REQUIREMENT: When you return the data, keep every line exactly as it is and leave out the pictures.

RECORDED INFORMATION:
________
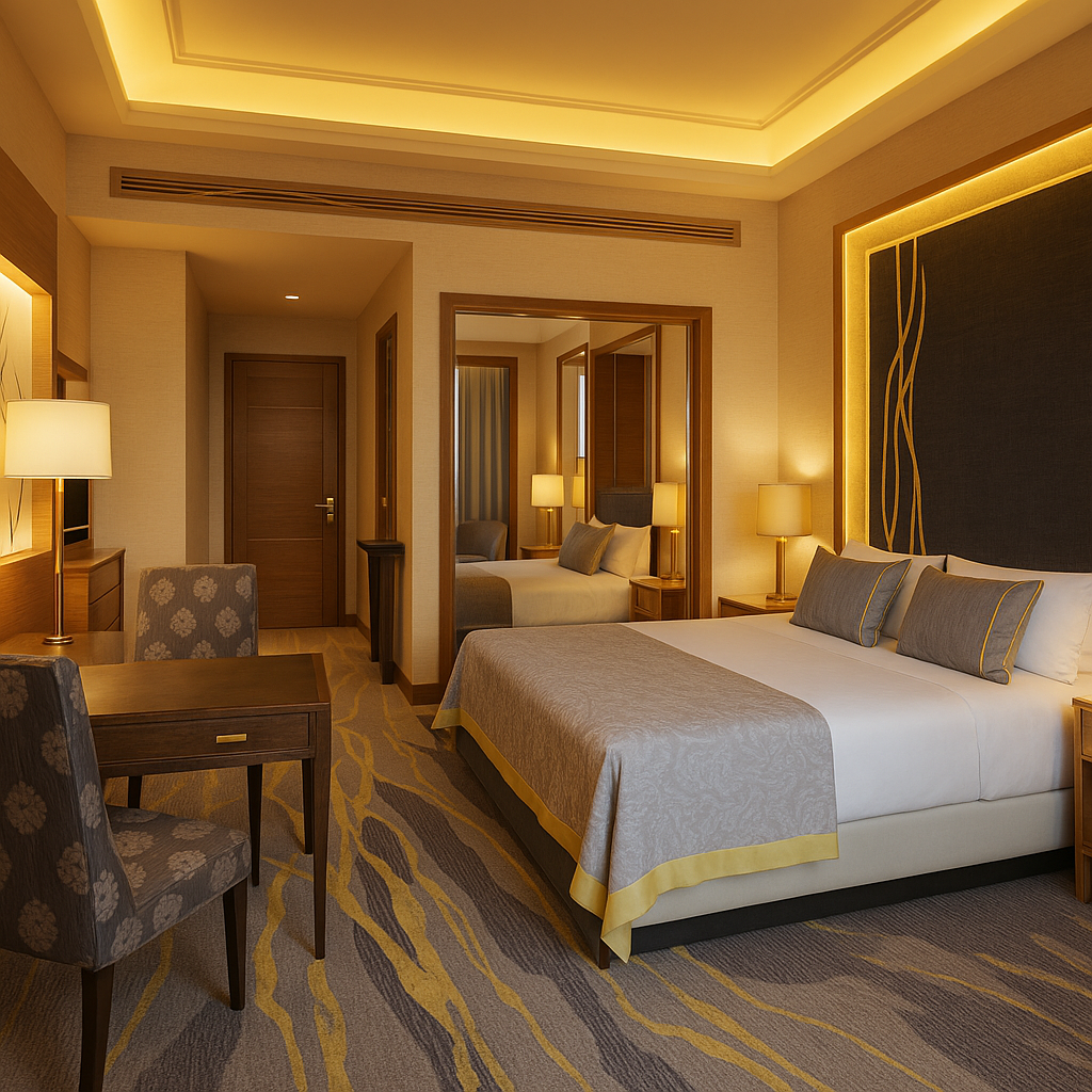 Commissioned for both architecture and interior design, SBD approached the project with a vision to harmonize grandeur and serenity. The hotel includes five signature restaurants, a grand ballroom, dedicated wedding facilities, and a full-service spa and wellness center, all designed to meet the evolving expectations of domestic and international guests.
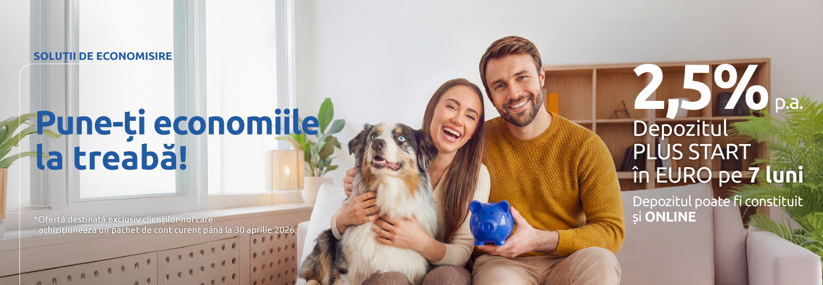 Deschide in orice unitate Exim Banca Romaneasca un cont curent in cadrul unui pachet de cont si beneficiezi de o dobanda bonus la Depozitul PLUS START in euro pe 7 luni.
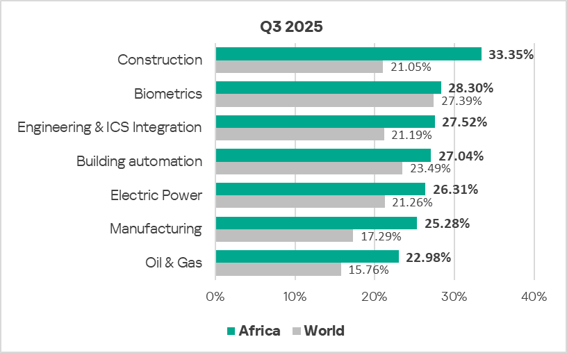 Threat landscape for industrial automation systems. Africa, Q3 2025
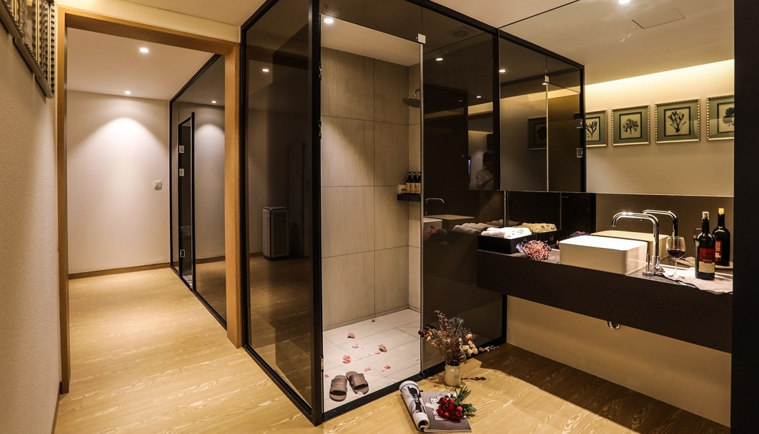 욕실에는 욕조와 샤워시설이 모두 갖추어져 있다. 샴푸와 린스, 바디워시, 비누 등이 모두 준비되고 드라이기, 고데기, 칫솔, 치약, 가운 등 갖추어져 있다.
________
ANSWER:
 Commissioned for both architecture and interior design, SBD approached the project with a vision to harmonize grandeur and serenity. The hotel includes five signature restaurants, a grand ballroom, dedicated wedding facilities, and a full-service spa and wellness center, all designed to meet the evolving expectations of domestic and international guests.
 Deschide in orice unitate Exim Banca Romaneasca un cont curent in cadrul unui pachet de cont si beneficiezi de o dobanda bonus la Depozitul PLUS START in euro pe 7 luni.
 Threat landscape for industrial automation systems. Africa, Q3 2025
 욕실에는 욕조와 샤워시설이 모두 갖추어져 있다. 샴푸와 린스, 바디워시, 비누 등이 모두 준비되고 드라이기, 고데기, 칫솔, 치약, 가운 등 갖추어져 있다.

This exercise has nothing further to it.